Input data →
^^^^^^^^

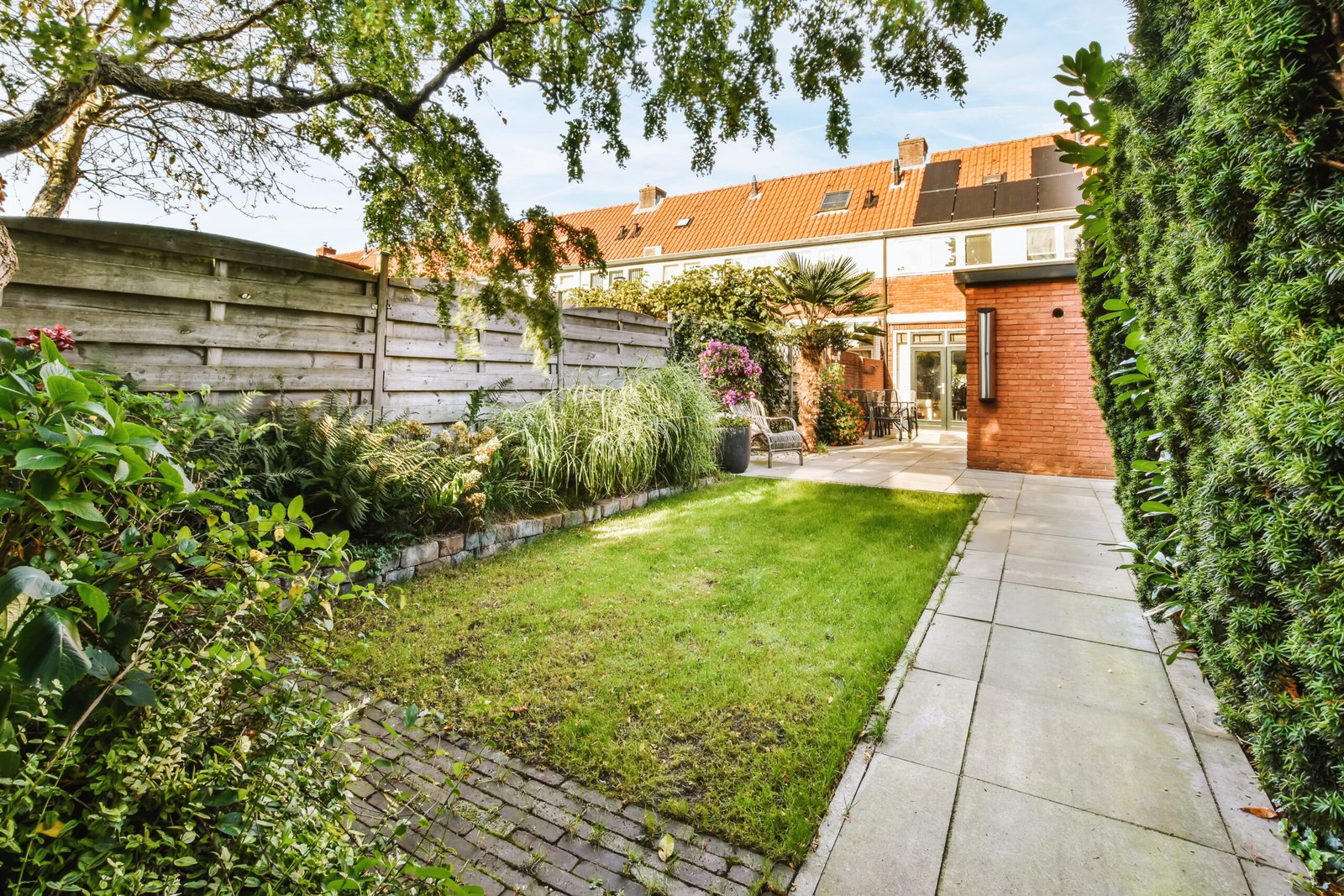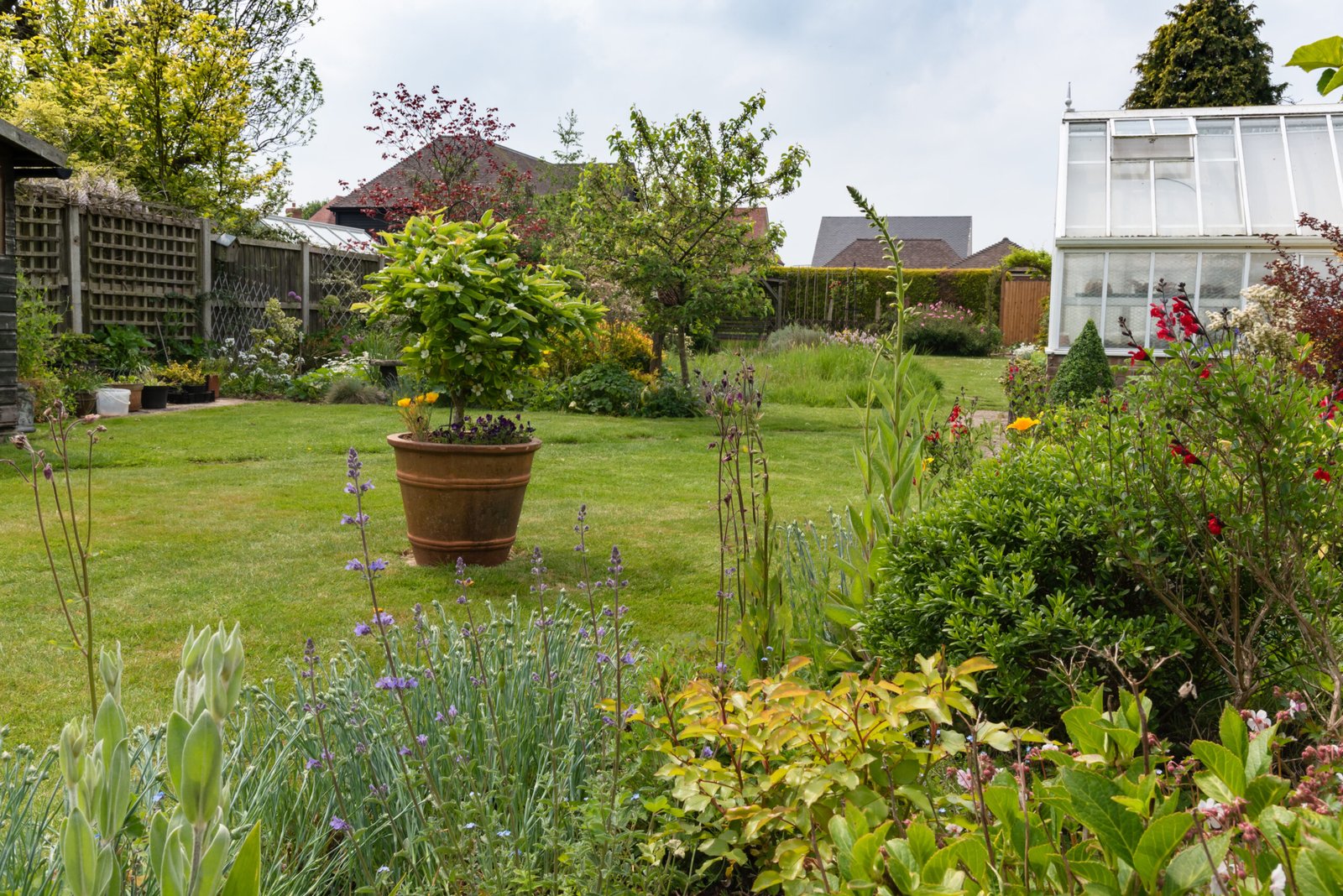 Colorful bunting in gardenan-english-back-garden-full-of-plants-2026-01-09-13-10-42-utc
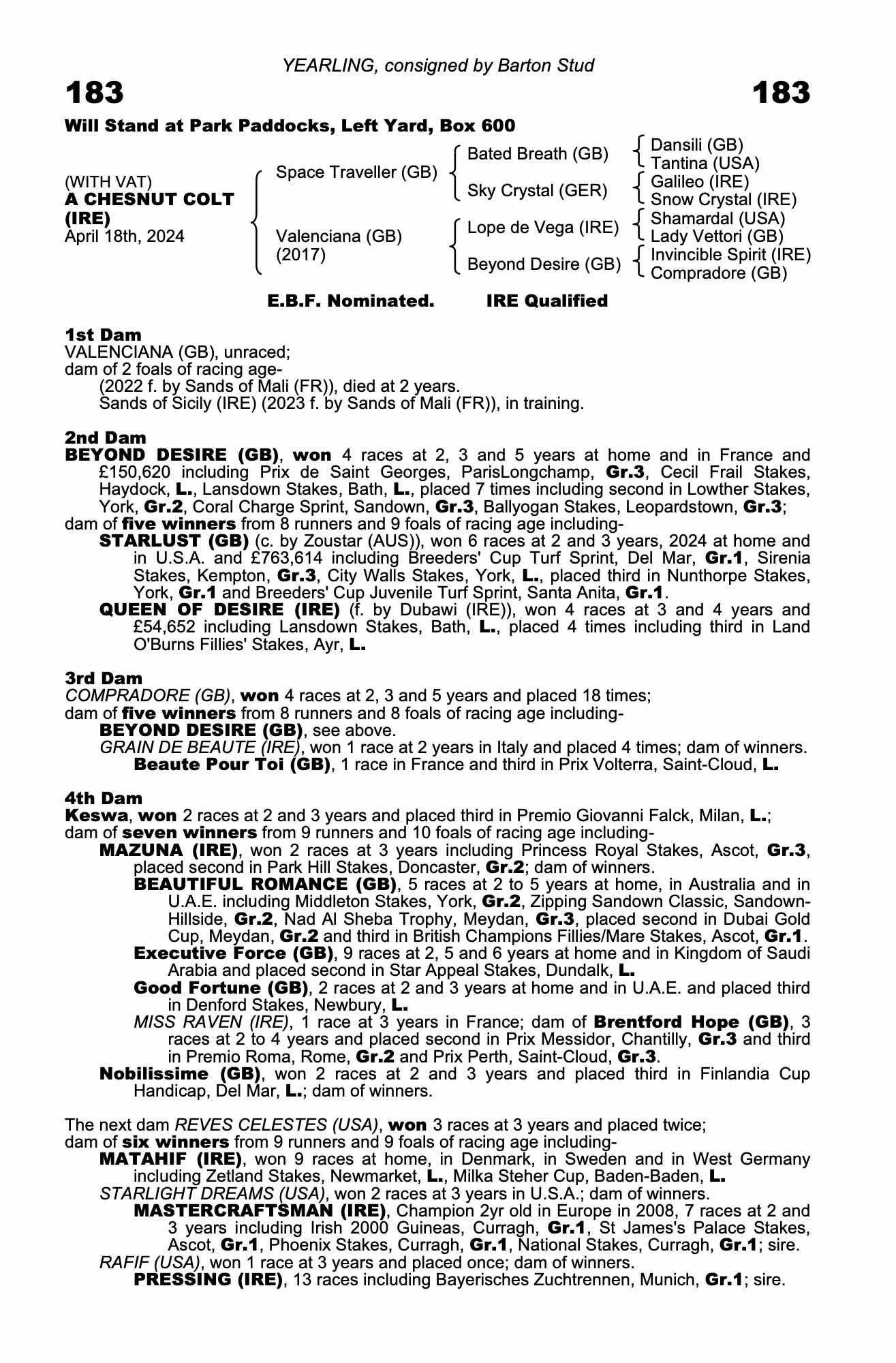 Under 2nd dam: STARGAZED (GB) (2023 f. by Zoustar (AUS)), won 1 race at 2 years, 2025.
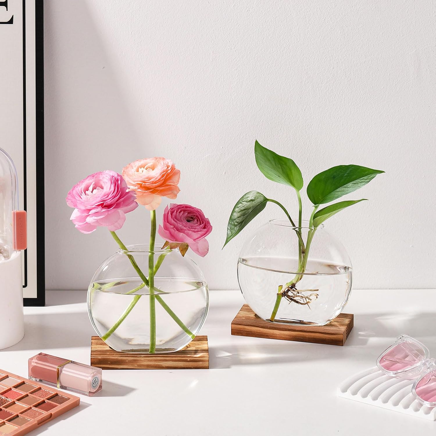 4 Pack Plant Propagation Station with Wooden Base Glass Terrariums for Indoor Plants Decorative Round Vases for Flowers Hydroponic Planter for Home Office Decor
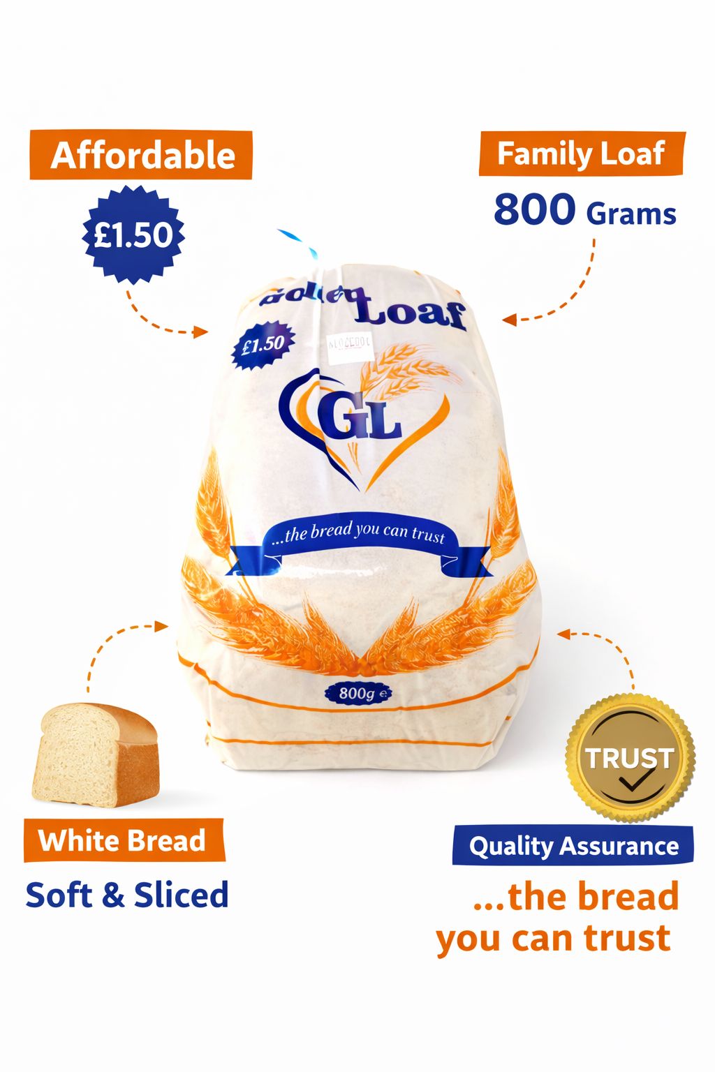 Golden Loaf Bread 800g – Soft Sliced White Bread UK

^^^^^^^^

Brief →
In your copy of the material, match every word exactly and include no pictures.

Exercise answer →
 Colorful bunting in gardenan-english-back-garden-full-of-plants-2026-01-09-13-10-42-utc
 Under 2nd dam: STARGAZED (GB) (2023 f. by Zoustar (AUS)), won 1 race at 2 years, 2025.
 4 Pack Plant Propagation Station with Wooden Base Glass Terrariums for Indoor Plants Decorative Round Vases for Flowers Hydroponic Planter for Home Office Decor
 Golden Loaf Bread 800g – Soft Sliced White Bread UK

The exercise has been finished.